Предоставим негру собрать деньги и вручить их, словно так и должно быть, тому, кто хотя и не являлся его господином, но готов был весьма охотно и во всякое время проявлять над ним власть, и последуем за незнакомцем к старинному строению. Правда, сами по себе развалины эти вряд ли могли привлечь внимание человека, который, судя по его словам, часто имел возможность обозревать гораздо более замечательные памятники былых времен на другом берегу Атлантики. Небольшая круглая башня на грубо сложенных столбах, соединенных арками, была, возможно, построена в младенческие годы страны, чтобы служить опорным пунктом, хотя гораздо вероятнее, что назначение ее было не таким уж воинственным. Более чем через полвека после описываемого нами времени это строеньице, примечательное своей формой, степенью разрушенности и материалом, из которого оно было сложено, внезапно стало предметом исследований и споров со стороны ученейшей породы людей — американских любителей старины. Пока рыцари, подвизающиеся в области искусства и отечественных древностей, доблестно ломали копья вокруг разрушающихся стен, люди, менее ученые и менее увлекающиеся, наблюдали за пылкими бойцами с удивлением, которое они проявили бы, увидев, как прославленный рыцарь Ла Манчи с копьем устремляется против других мельниц, столь блистательно описанных бессмертным Сервантесом 29.
Дойдя до подножия башни, незнакомец в зеленом громко хлопнул себя хлыстиком по сапогу, словно желая привлечь внимание молодого моряка, совершенно поглощенного своими мыслями, и в то же время преспокойно начал разговор, как будто все время был его спутником, а не вторгшимся непрошенно чужаком.
— Эта штука была бы очень мила, если бы стояла где-нибудь на лесной просеке, увитая плющом, — сказал он, — но прошу прощения: джентльмены вашей профессии имеют мало отношения к рощам и развалившимся стенам. Вон башни, на которые вам, вероятно, приятно смотреть, — и он указал на мачты судна, стоявшего на рейде, — а единственные руины, которые вас интересуют — наверно, обломки разбитого корабля.
— Вы, видно, хорошо знаете наши вкусы, — холодно ответил моряк.
— Значит, это у меня врожденное: я ведь никогда близко не общался с людьми в морской форме и от них ничего подобного узнать не мог. Похоже, что и сейчас мне не слишком везет! Будем откровенны, друг мой, и поговорим по душам. Чем привлекла вас эта груда камней, почему ради нее вы так надолго отвели взгляд от того прекрасного и благородного судна?

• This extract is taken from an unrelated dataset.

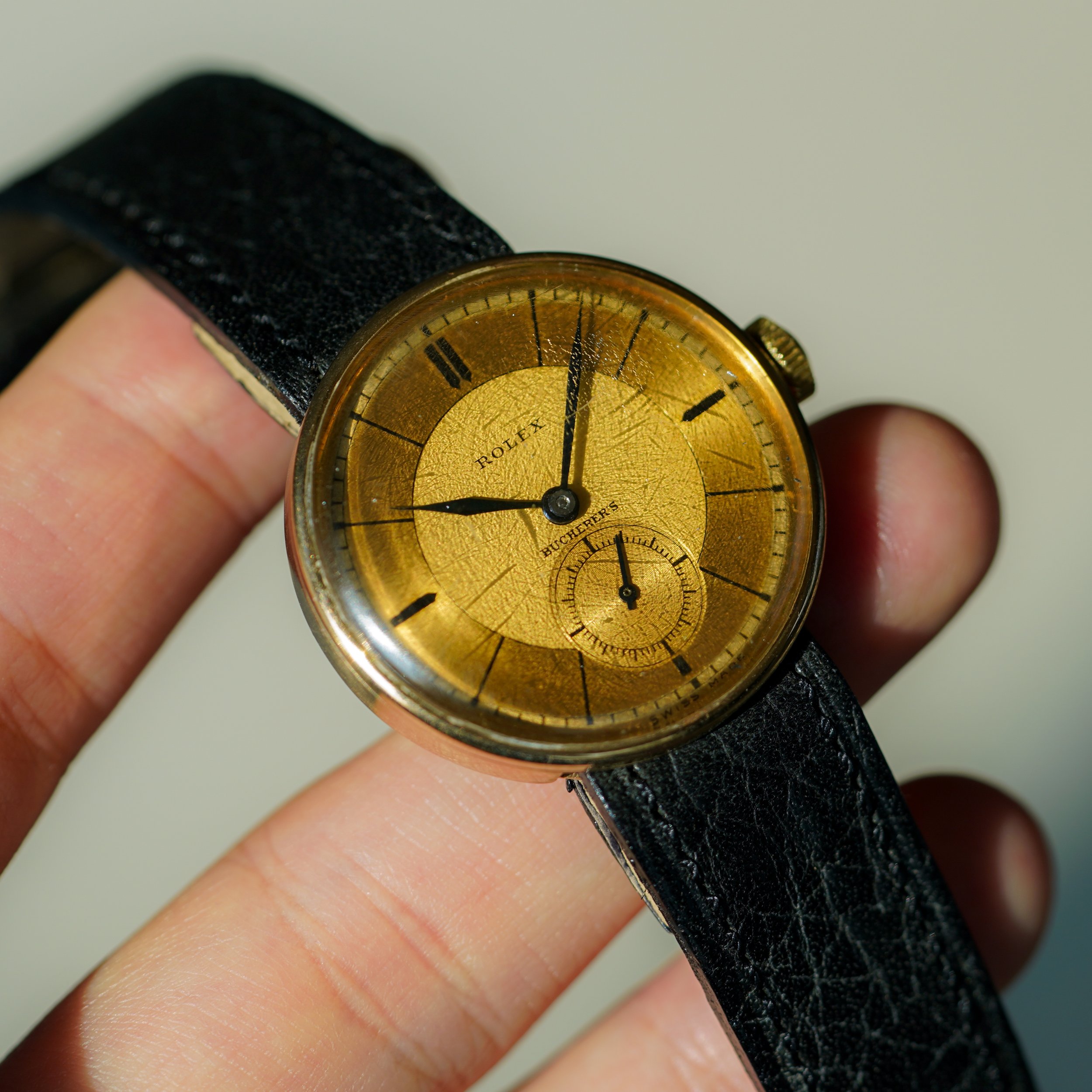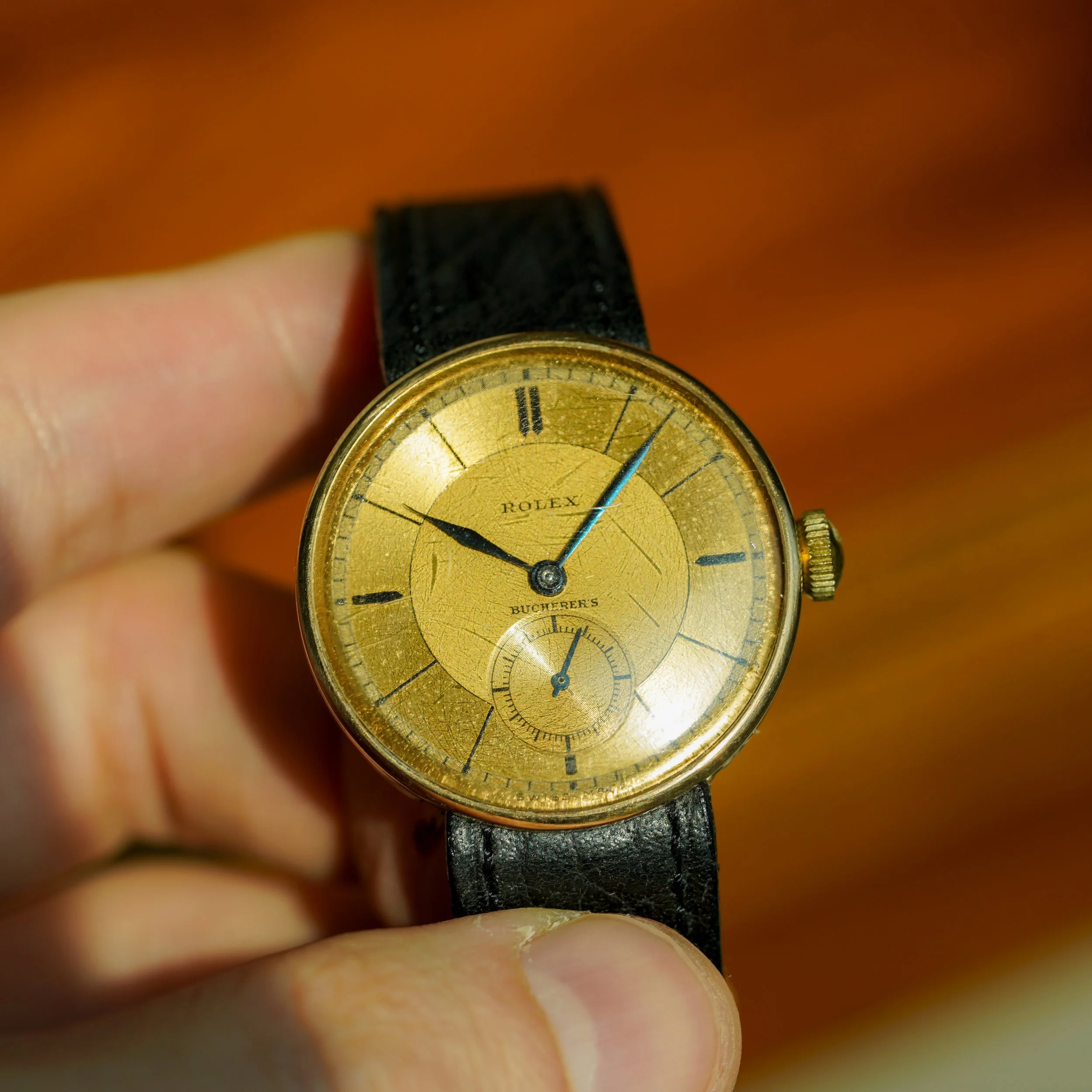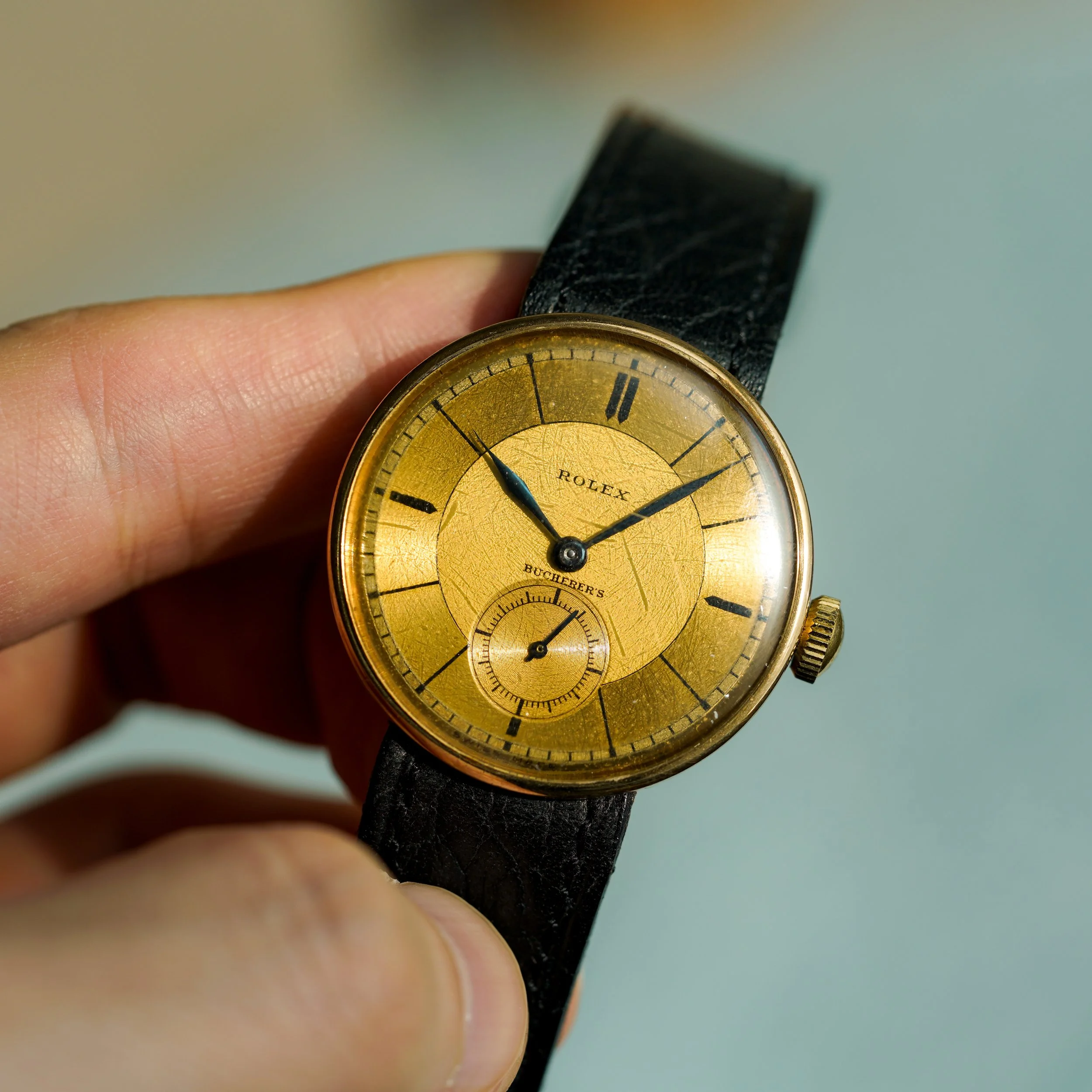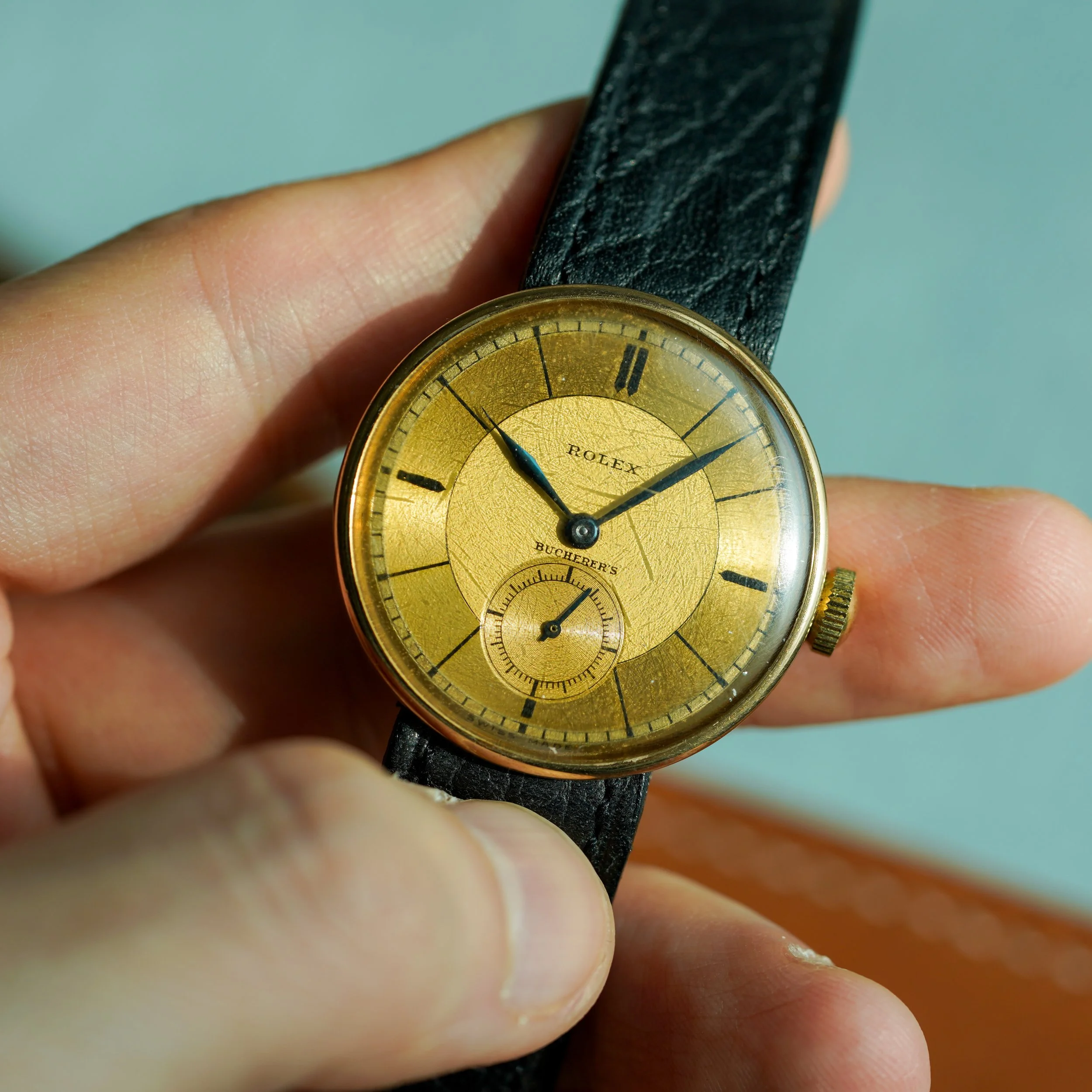 An extremely rare Rolex disco-volante with an incredible two-tone sector dial, retailed by Bucherer.

— Разве удивительно, что моряк без места рассматривает судно, которое ему нравится? Может быть, он намерен проситься туда на службу.
— Со стороны капитана было бы величайшей глупостью отказаться от услуг такого отличного парня! Но вы, кажется, слишком хорошо изучили морское дело, чтобы удовольствоваться второразрядной койкой.
— Койкой! — повторил моряк, вновь пристально и с каким-то странным выражением взглянув на незнакомца в зеленом.
— Койкой. Ведь вы, моряки, кажется, этим словом обозначаете «положение», «состояние», не правда ли? Мы, юристы, плохо знаем морские словечки, но думаю, что в данном случае я не ошибся. Как ваше авторитетное мнение?
— Слово это действительно еще не стало архаичным, и могу сказать, что как метафора оно может быть употреблено в том смысле, какой вы ему придали.
— «Архаичным», — повторил незнакомец в зеленом, в свою очередь бросив на моряка понимающий взгляд. — Это что, какой-нибудь морской термин? Может быть, под метафорой вы подразумеваете марсель, а «архаичный» значит «оснащенный»?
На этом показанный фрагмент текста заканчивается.